I too am the odd man out - obvious foreigner in India. I do not get to enjoy feelings of tribalism. But I don't feel different than in the us - stick me in a room full of lower middle class Americans and I'm still not enjoying any particular sense of belonging. They aren't "my people", they are just people. I never get to enjoy these positive feelings of tribalism.
>I'll admit there is a small part of me that gets slightly irritated every time we go through a hiring cycle and everyone who shows up for the interviews is Mandarin speaking Chinese
It depends, some of those firms offer comparatively low salaries to Americans and can positively exploit their own people (same ethnicity as company founders).

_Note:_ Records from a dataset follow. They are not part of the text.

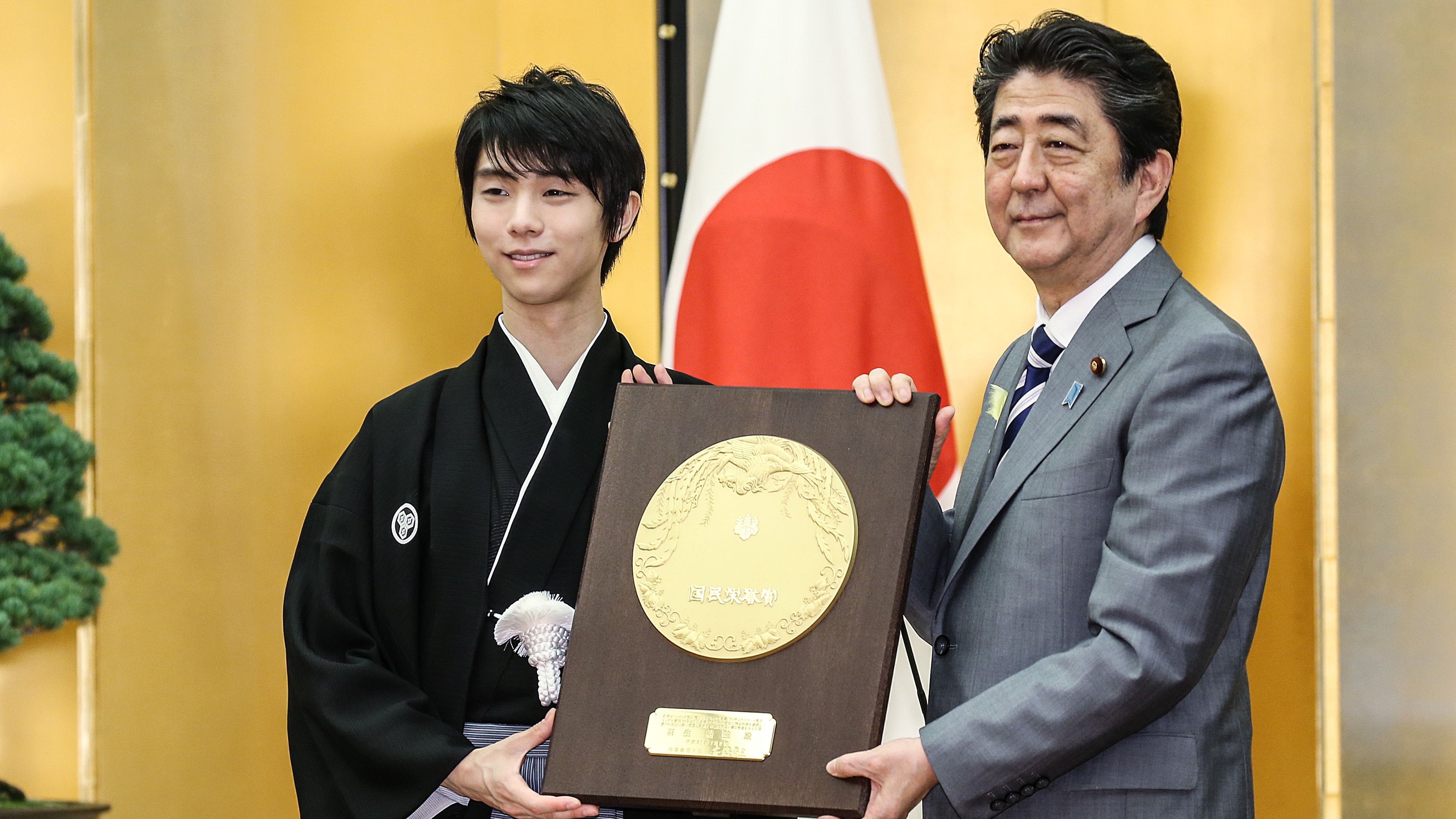 Hanyu receives the People’s Honor Award from Prime Minister Shinzo Abe at the Prime Minister’s Office on July 2, 2018. (Photo by Uichiro Kasai)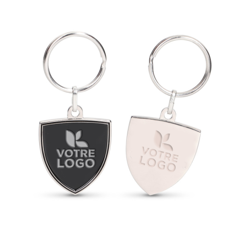 Ce porte-clés en fer, avec une finition nickel brillant, est disponible en dimensions sur mesure, avec une épaisseur de 1,5 à 1,8 mm. Il est doté d’une attache par anneau brisé rond de 25 mm de diamètre par défaut.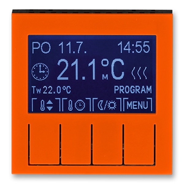 Универсальный программируемый термостат АББ Зенит скрытой установки, цвет оранжевый/дымчатый черный 2CHH911031A4066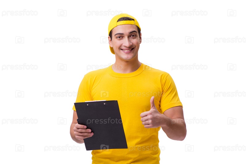 Парень-доставщик изолирован на белом фоне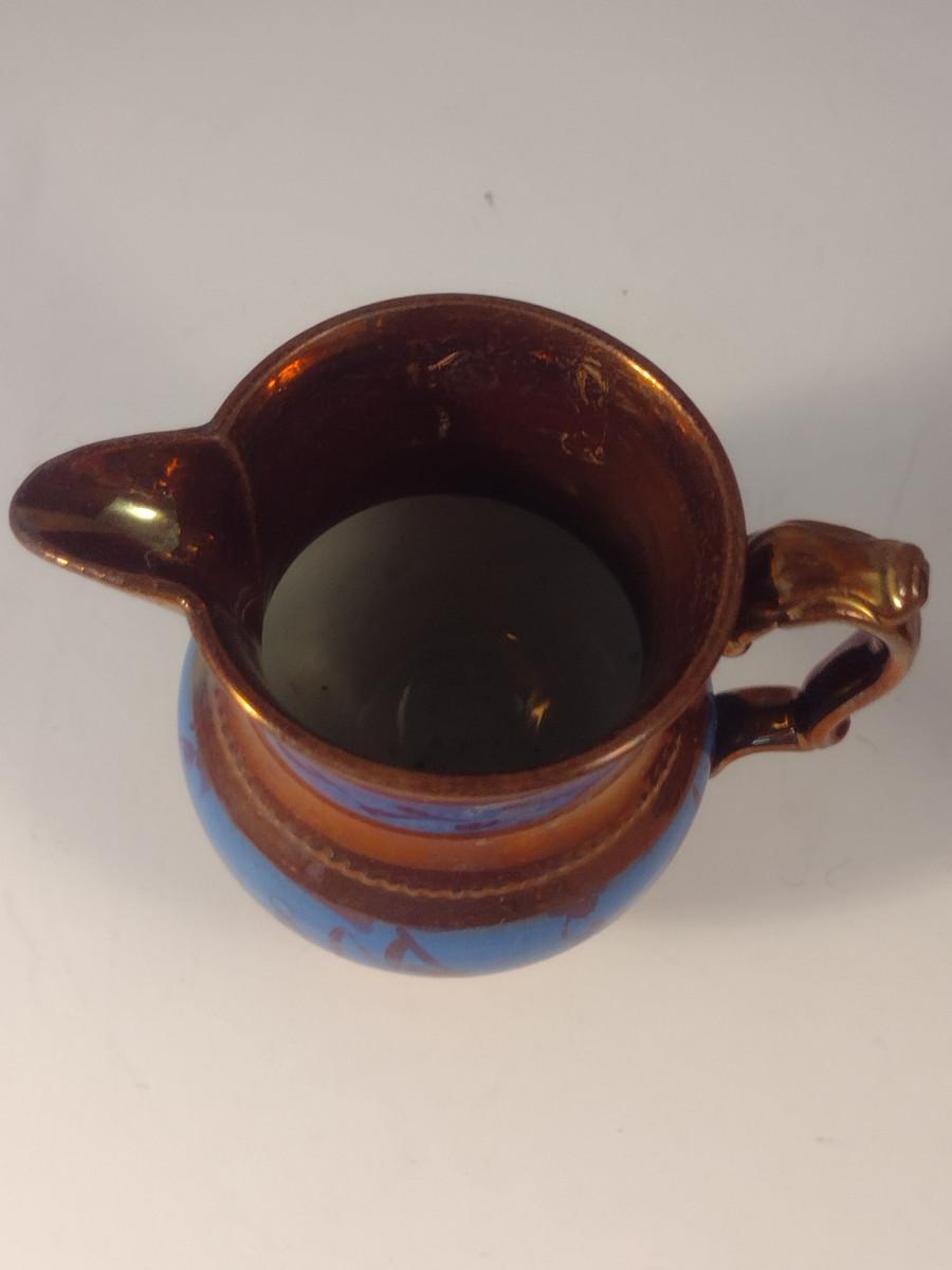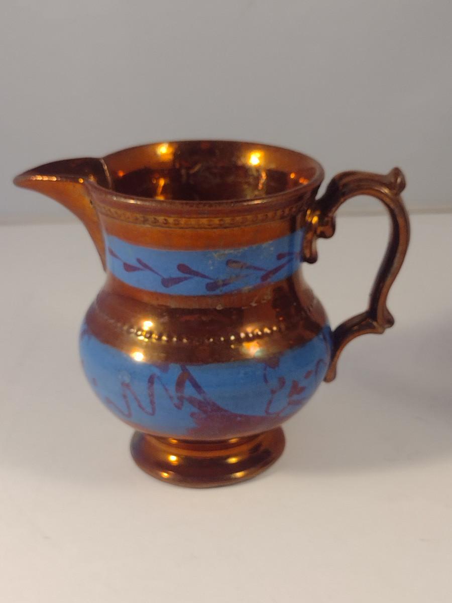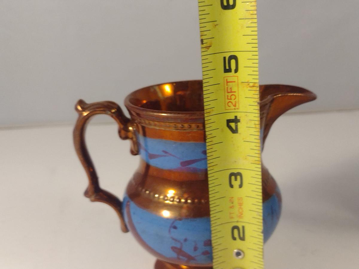Vintage English Lusterware Pitcher- Copper Color with Blue Bands- Approx 4" Tall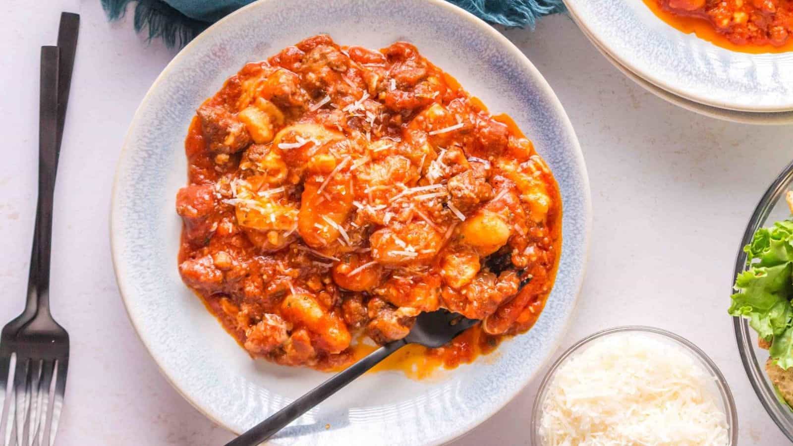 Gnocchi baked with Bolognese sauce is an ovenproof skillet casserole. It’s a straightforward casserole because it cooks in one dish and can feed multiple people.

So at least for some companies with HQs in CN or TW, it's not surprising that you'd see few Americans --of those you see some are resurrecting their careers --so they'll take the cut.
I think this is really interesting: a lack of pressure to assimilate or conform because you never could belong anyway. Do you think this affects your ability to move forward in the company, if that's something you want?
Even though you don't feel you fit in in the US, do you ever feel relief at just not getting attention for being different?
I only care about my research and not climbing the ladder. My hope is that my research will be great enough that I won't have to conform to climb the ladder, but that is a gamble.
> Even though you don't feel you fit in in the US, do you ever feel relief at just not getting attention for being different?
I've never really had that feeling before; I never get into the situation where I feel like I'm with "my own people."
I don't necessarily feel I'm with my "own people" when I go to France or Spain, but the relief I felt on leaving Egypt was palpable. I was either an oddity or a target everywhere I traveled in Egypt (not a target for harassment, really, but a walking wallet). I've had experiences with Vietnamese kids exclaiming at how comically pale I am. Can't go grocery shopping without getting noticed. No one notices me in Europe.
Good luck with the research gamble from someone like-minded.
We generally feel a lack of belonging; some of us try to fit in and are successful at it, but some of us just live with it. Our management team really does try to help out, but there is also some pressure to participate in lab-wide activities that leads to tension (e.g. no, I don't really want to sing, dance at the gala this year). While working, side conversations are often in Chinese (I speak Chinese better than most of us, but still not enough to participate very well), and there are all sorts of comical culture shock experiences even after being here for 7 years. And really, what can be expected when the workplace is 90%+ one way? I think our lab handles it as best as it can.
Here is the twist: there is no pressure to assimilate because well, I could never be Chinese. But back in the states (or even Europe), I don't feel like I really fit in either despite matching the ethnic and gender standard. There is not much to match me to my colleagues, and there is a lot of pressure to assimilate since at first glance, I should be able to.